Wednesday, February 17, 2010

Tasty-licious @ HRC Penang

There are, broadly, 2 kinds of eating: stuff yourself like a Christmas stocking, or dainty nibbles at cute cutlets.  Either way, we await the pleasure of a warm gurgle at the pit of our stomachs after every meal. Hard Rock Café Penang certainly seems dedicated to this end goal.  ‘Generous’ would be a modest word to describe their portions; four of us did little damage to our appetizer of nachos, and the side dish of mac and cheese stared back at us with a silent fury.


The standard American fare favors portion over flavor, and makes eating an endeavor of bravado.  Without a doubt I was never a fan of such dining.  Hard Rock Café Penang’s menu parades an array of American dishes – so what prompted my interest to even set foot in the place?  It was easy: American fare also tend to serve up a good slab of steak, at least in my experience.  I haven’t had red meat for a while, so I knew exactly what I wanted.    


To start, the Hard Rock Nachos came highly recommended, and it did not disappoint – if you could eat it fast enough.  The fresh corn tortilla chips, buried under a mountain of Jack and Cheddar cheeses, are addictive to the last crunch.  The spread was big enough to appetize four people, and the salsa was so fresh I could still hear the swishing of a knife slicing through the tomatoes as I sink my overflowing nacho into the dip.  A hotter version of the salsa doesn’t exist yet, but I am bating my breath for it and will continue to shamelessly pester for it.   It was a shame to bid goodbye to the still half-full plate of nachos as it sinks under the cold heavy cheese – we were ready to move on to the mains.



My medium-rare New York strip steak arrived with a chunk of butter sitting at the top – melting rapidly – beckoning.  I vacillate between rare and medium-rare for my steaks, and medium-rare for this strip steak was the perfect cook.  The strip steak is a cut right next to the tenderloin, comparable in tenderness with the tenderloin, with a fuller bite.  It is also leaner, but still succulent to sink your teeth into.  Because of its own complex flavour, strip steaks are best grilled and paired as simply as possible, and marinades and sauces are kept to a minimum. 




The steak was almost perfect.  Its flesh was tender and squished ever so slightly every time I sunk my knife into it, revealing a shade of pink light as a girl’s fading flush.  Although the smokiness from the grill lingered a little longer than I would have liked, the satisfying chew more than made up for it.  I was pleased to dig into the simple sides of fresh vegetables and mashed potatoes, which went with the steak seamlessly. 










Another signature dish on the menu is the Legendary 10-oz burger Facing with a tower of a 10-oz patty topped with strips of bacon, cheddar, an onion ring, lettuce and pickles, one might wonder how best to eat this.  After a brief stare-down, we went the fork and knife way in an effort to invoke a sense of class.  With a burger.  Also done medium rare, the patty is tender and thick.

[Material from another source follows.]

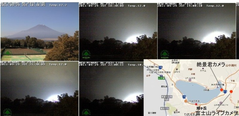 | 1708 Date: 2011-10-03 (Mon) 富士山麓での発光現象 9月29日6時半から22時半の間に山中湖東端に設置してある富士山ライブカメラが発光現象を捉えていたという報告をT氏から受けました。このカメラはグリーンヒルズニューみなみに設置してあるものです。http://www.new-minami.co.jp/livecamera_past.php 富士山の麓付近で明瞭な発光現象があることは分かるのですが、場所の特定は無理のようです。
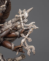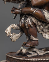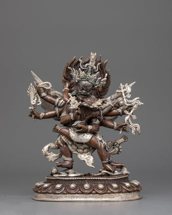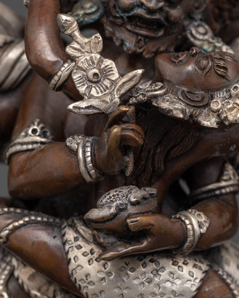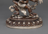 Sacred Hayagriva Statue with Consort | Oxidized Copper and Silver-Plated Sculpture

While we found that the onion ring did little to the symphony of patty-lettuce-pickles-cheese (in the end we just picked up what’s left of it and ate it on its own), the bacon strips blended gloriously.  The somewhat tight grind of the patty gave out juices sparingly, which in the same instant seeped into the bacon and created a fine concoction of flavor in the mouth.  At the same time, though, I wished the patty would flood up more at each bite.  Towards the middle, we put away our fork and knife (neatly), and started picking the burger apart with our fingers.  A highly recommended way to finish. 












While the side of mac and cheese met expectations, there simply wasn’t enough room for sides.   And as expected, halfway through my main I was hit with the realization that there was absolutely no more room for dessert.  But being troopers, we forged on and got mini versions of the Hot Fudge Brownie Sundae anyway, upon (little-needed) insistence of the manager, and needless to say, this was the one dish that everyone cleaned through with licks and smacks.






Another thing worth noting is the Hard Rock cocktail menu.   It was fun choosing from the crazy variety and then wrangling with the waiters on what best to order.  If you are adventurous enough, flag over the restaurant and bar manager Ah Beng and he would be more than delighted to have you road taste his funky concoctions.   Which he might or might not name after you.  At Hard Rock, experiments tend to be more hits than misses, but playing it safe can also satisfy more than you expect.